Recently we received the following from one of our readers that vividly illustrates the Notch disparity:
I never realized how the Notch affected me until last week, when I learned that one of my neighbors (who is 94 and a naturalized citizen) is receiving almost $2,000 a month in Social Security. From 1952 until I retired in 1989 at the age of 67, I paid the maximum in payroll taxes. I’m currently receiving a little over $1,500 a month from Social Security — $500 a month less than he is getting!
The difference in benefits you cite from the neighbor who was born just one year prior to the start of the Notch years is indeed large — all the more so, because you were born six years later and delayed retirement two years after your full retirement age. Under normal circumstances, both the difference in your age, and the delay in starting benefits should have meant that your benefit would have been higher or at the very least, similar to that of your neighbor who was born in 1916. But the benefit disparities experienced by Notch Babies were much larger for people who delayed retirement, particularly workers like you who not only paid the maximum in taxes, but paid over more years as they worked past their full retirement age.
In 1988 the Government Accounting Office, now the Government Accountability Office, released a comprehensive report on the Notch detailing benefit formula changes that led to the lower benefits received by many Notch Babies. Among other things, for example, the number of years of earnings used in computing the initial retirement benefit was lengthening, there were changes made to mathematical calculations, and earnings after age 62 were not as advantageous as they were for your neighbor.

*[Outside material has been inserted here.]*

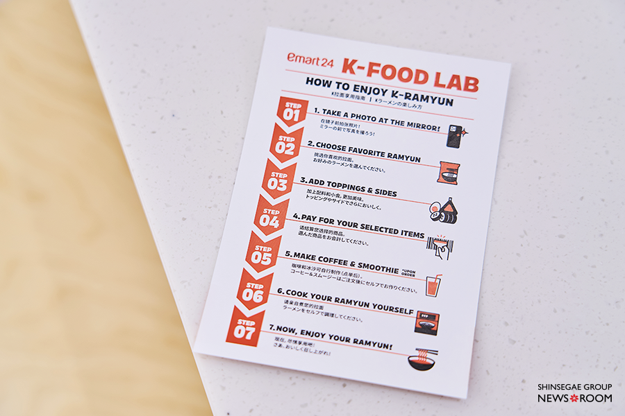 이곳의 백미는 ‘체험’입니다. 수많은 라면 앞에서 결정 장애가 올 법도 하지만, 이마트24는 친절한 가이드를 구비해 두었습니다. 외국인들을 배려해 맵기를 4단계로 나누고 이를 안내 카드로 표시했죠. 영어, 중국어, 일본어로 K-라면을 즐기는 방법도 소개해 외국인 관광객들의 편의를 더욱 높였습니다.

The size alone of your benefit disparity is just one example why TSCL maintains that The Notch Fairness Act is a very modest settlement. Passage of The Notch Fairness Act, which would provide Notch Babies born from 1917 through 1926 a choice of $5,000 payable in four annual installments or a higher monthly benefit, would bring an end to the long-sought effort for Notch reform that arose the last time Congress enacted changes to the Social Security benefit formula. We agree with you and so many other Notch Babies who have told us, that $5,000 in no way replaces the lower benefits you received over your retirement lifetime.
As of October 4, 2010, 113 Members of the House share our belief that the disparity in benefits should be settled and have signed on as co-sponsors to The Notch Fairness Act (H.R. 1067), introduced by Representative Ralph Hall (TX). In addition, a companion bill (S. 81) in the Senate was introduced by Senator David Vitter (LA). We continue to push for enactment in the final days of 2010.